* _Task statement_: Every line from the top of the records below through the one containing "2025年广东有27家上市(含新三板)游" must be copied exactly, and the pictures must not be.

++++++++++++++++++++

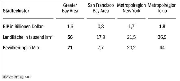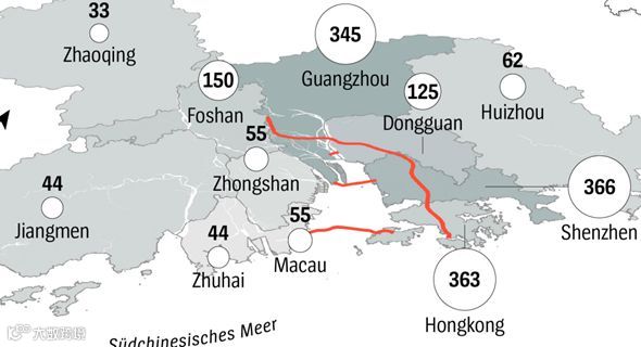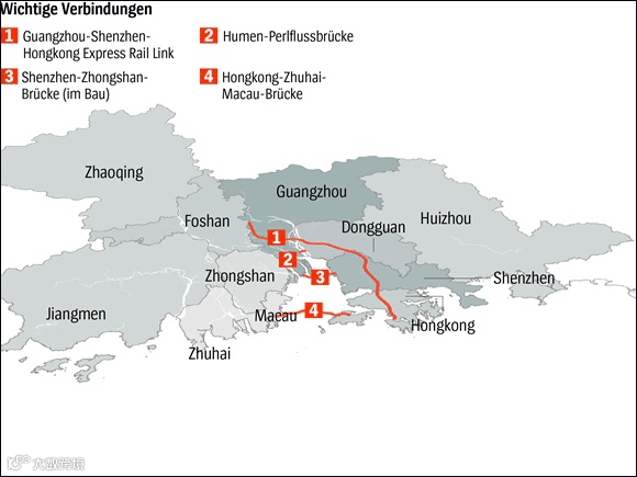 即便如此,目前的珠三角仍无法匹配中国政府发展经济的决心。今年二月份中国共产党在制定珠三角经济规划时指出,必须要向东京、芝加哥和旧金山这些日美大型城市群吸取经验,打造成全世界最先进、最开放的有中国特色的港粤澳大湾区新型大城市群。美丽的珠江就像一条彩带,把各个城市连在一起。
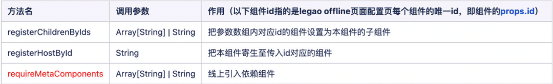 第一个变量componentData,为该组件的配置数据,渲染引擎根据componentData下配置的关联的“子组件id”等数据知道“当前页面”上具体哪些组件是这个组件的子组件或者父组件,第二个变量为一个对象,对象包含几个框架提供的方法,如:
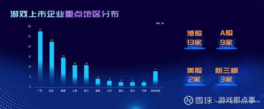 2025年广东有27家上市(含新三板)游戏企业,数量在全国各省市中位居榜首,其次是北京有22家,福建排名第三有14家,上海和浙江分别有10家。从上市的地区来看,广东在港股上市数量为13家,a股9家,美股2家,新三板家。
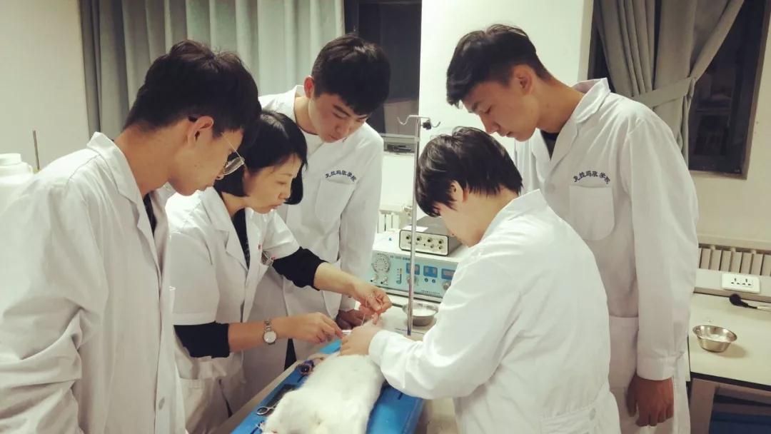 5月16日晚,基础教学楼机能203、219两间实验室内参加开放性实验项目的师生济济一堂。当天开展的实验项目是“家兔手术基本操作”,是2018级相关专业班级的学生从未接触过的。因此,陈勤带领实验指导教师从宣讲实验动物福利、实验安全注意事项、实验操作步骤入手,讲得仔细。同学们满怀对新知识的憧憬,认真听讲,记录操作要点,最后在指导教师的帮助下完成了首例动物手术。
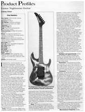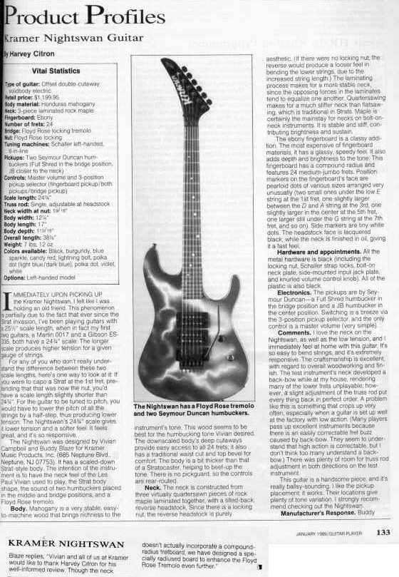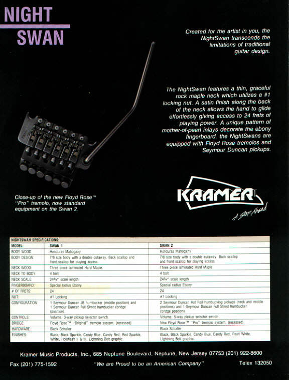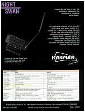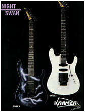 ![]() Kramer Nightswan Features The back shape of the neck is different from any other guitar I've played. Its sort of like a "C" shape, with the middle portion being very flat, and the curves being very sharp. The nut is also an R1, which makes this a very tiny fretboard to play on. Its is a VERY comfortable neck play, its very smooth, and plays like butter. The dot inlays are in a diagonal pattern, which was very original at the time the Nightswan was introduced. I remember hearing that Vivian wanted the neck to have a similar feel to that of a Les Paul, however, I don't think this neck is anywhere close to that description.
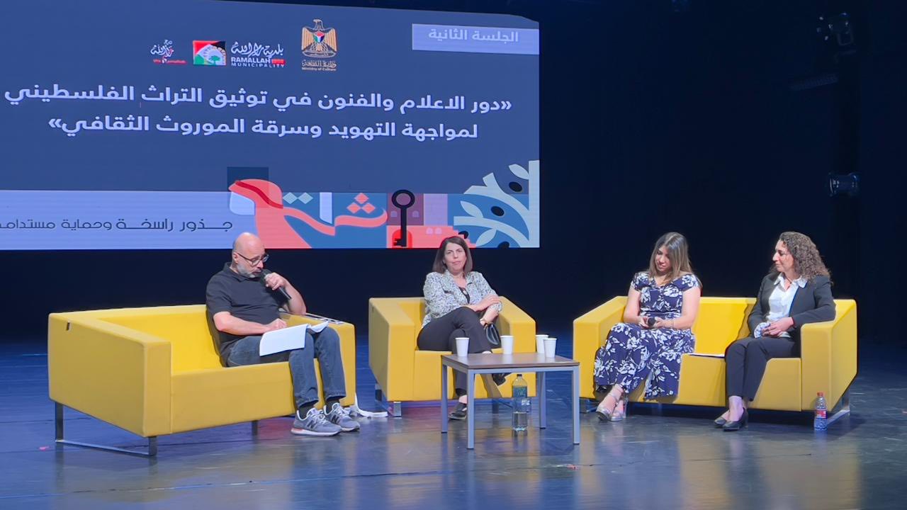 ونظمت وزارة الثقافة ندوة بعنوان “الإعلام والفنون في توثيق التراث الفلسطيني لمواجهة التهويد وسرقة الموروث الثقافي” ضمن جلسات المؤتمر الوطني للحفاظ على التراث الفلسطيني وصونه واستدامته، شارك فيها رئيس تحرير منصة فلسطين الثقافية ومحرر ثقافي في جريدة الايام يوسف الشايب وأستاذة التصميم في مجال تصميم الصياغة في جامعة دار الكلمة نانسي الطويل سلسع تمارا أبو لبن، والمخرجة الفلسطينية والأكاديمية في جامعة بيت لحم رولا شهوان
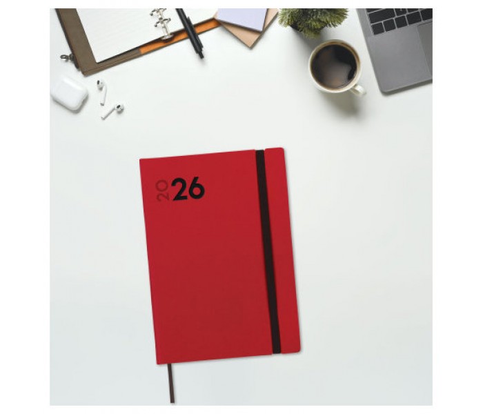 Agenda profesional encuadernada de tapa blanda. Tacto suave muy agradable. Estilo moderno y universal. Perfecta apertura para poder escribir cómodamente. Con goma elástica, cinta punto y esquinas microperforadas para localizar rápidamente el día/semana en curso. Contiene información de interés en la anualidad y otros contenidos extra. Formato similar a DIN A5 con las ventajas de una agenda portable y una de sobremesa. Duración: Enero 2026 - Diciembre 2026 (12 meses). Interior: Semana Vista Vertical. Visión de la semana completa en vertical. Con horas. Con información de los festivos de España. La anualidad contiene: onomástica, festivos nacionales, cambios de estación e inicios de los años nuevos chino, musulmán, ortodoxo y hebreo. Dispone de contenidos extra: datos personales, horarios, fechas para destacar, calendarios, plan anual (2 años), planificación de viajes, festivos nacionales y de las CC. AA., festivos internacionales, usos del teclado, cómo buscar en Google, mapa de Europa y de husos horarios, hojas para anotaciones y tareas, y hojas para teléfonos, direcciones y e-mails. Artículo en español con anualidad multilingüe: español, francés, portugués, euskera e inglés. Formato: Y10 - 140x204 mm. Poliuretano flexible y papel. 80 g/m². Papel FSC®.

++++++++++++++++++++

* _Result of the exercise_:
 即便如此,目前的珠三角仍无法匹配中国政府发展经济的决心。今年二月份中国共产党在制定珠三角经济规划时指出,必须要向东京、芝加哥和旧金山这些日美大型城市群吸取经验,打造成全世界最先进、最开放的有中国特色的港粤澳大湾区新型大城市群。美丽的珠江就像一条彩带,把各个城市连在一起。
 第一个变量componentData,为该组件的配置数据,渲染引擎根据componentData下配置的关联的“子组件id”等数据知道“当前页面”上具体哪些组件是这个组件的子组件或者父组件,第二个变量为一个对象,对象包含几个框架提供的方法,如:
 2025年广东有27家上市(含新三板)游戏企业,数量在全国各省市中位居榜首,其次是北京有22家,福建排名第三有14家,上海和浙江分别有10家。从上市的地区来看,广东在港股上市数量为13家,a股9家,美股2家,新三板家。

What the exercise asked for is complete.